Fidelity’s Weak Performance Causes Drop In Investments
Investors steered some of their new equity mutual fund purchases away from industry giant Fidelity Investments in March, according to Trim Tabs Financial Services Inc., an investment advisory service in Santa Rosa, California.
Fidelity’s stock funds attracted 12.1 percent of all new stock fund investments made in March, the lowest level on a percentage basis since December 1994, when it was 9.5 percent, said Charles Biderman, Trim Tabs’ president.
Fidelity’s share was closer to 20 percent in January and February, according to Biderman, who bases his analysis on sales information provided by the Investment Company Institute.
The nation’s biggest fund group manages more than 19 percent of all domestic-stock fund assets, the Wall Street Journal reported.

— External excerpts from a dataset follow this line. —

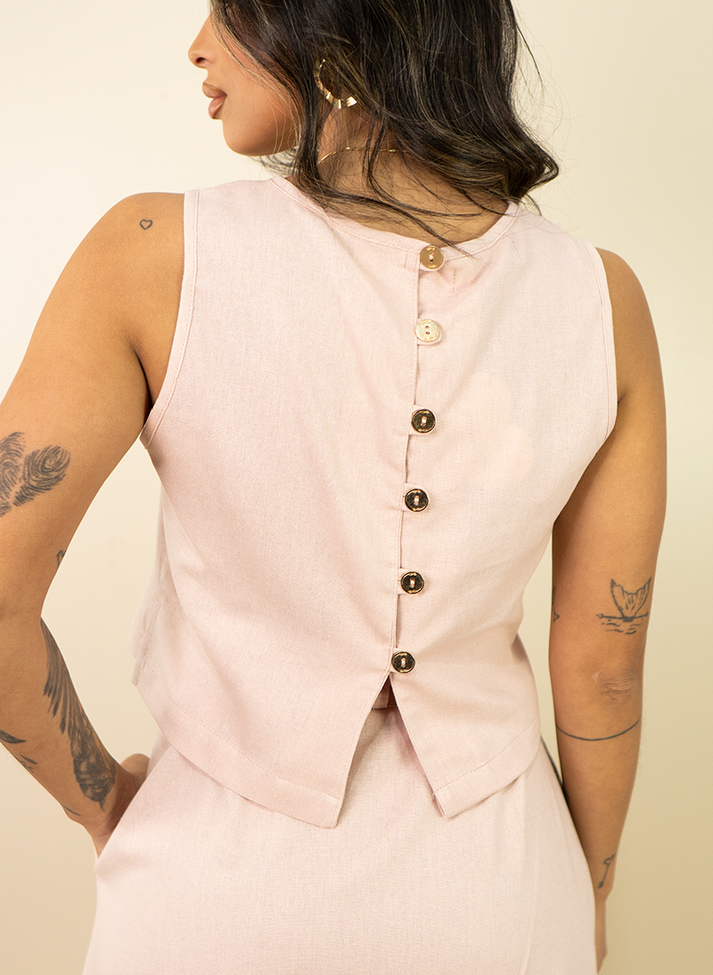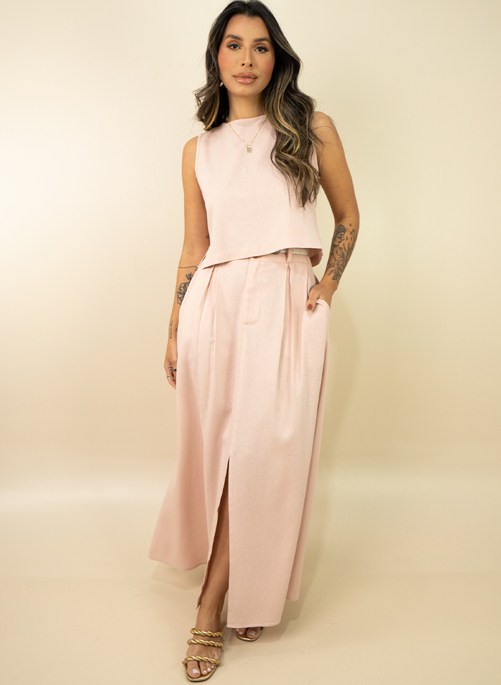 Conjunto em linho misto, tecido com aspecto rústico e caimento leve. Composto por blusa cropped e saia mídi, as peças possuem uma estética que remete a alfaiataria e ao utilitarismo moderno e romântico. Com detalhes que agregam valor e delicadeza a peça, a blusa contém decote redondo e cavas com acabamento em viés, fendas laterais pequenas e abertura nas costas em vista com casinha em argolinhas. A saia mídi possui forro, corte evasê com pregas fêmea, cós com passantes e abertura em braguilha, bolsos e fenda frontal. Acompanha um cinto fino de couro.
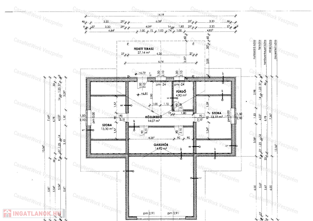 hálószoba, fürdőszoba, valamint közlekedő, tároló, gardrób, kamra + fedett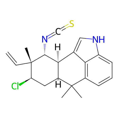 | SMILES | C=C[C@@]1(C)[C@H](Cl)C[C@H]2[C@H](C3=CNC4=CC=CC(=C34)C2(C)C)[C@H]1N=C=S |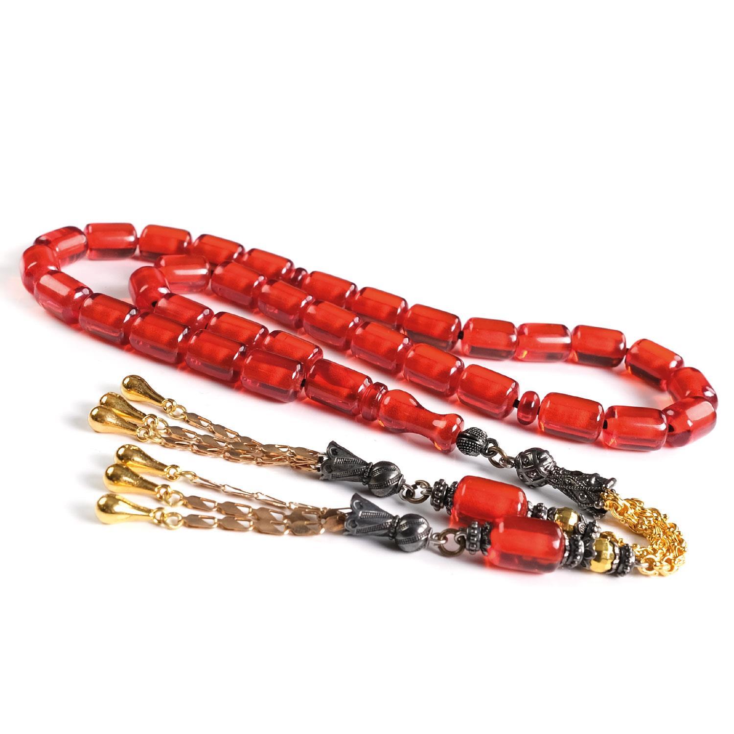 İri Boy Kapsül Kan Çiçeği Ateş Kehribar Tesbih

The recent slowdown in Fidelity fund purchases may be tied to the recent disappointing performance of some of the firm’s biggest stock funds, Biderman said.
Fidelity’s flagship Magellan Fund suffered the biggest decline in new share purchases in February and March, Biderman said. The $56 billion fund is up 2.2 percent this year, compared with a 5.2 percent gain of the benchmark Standard & Poor’s 500 Index.
A “crisis of confidence” may be building among Magellan’s shareholders, Biderman said.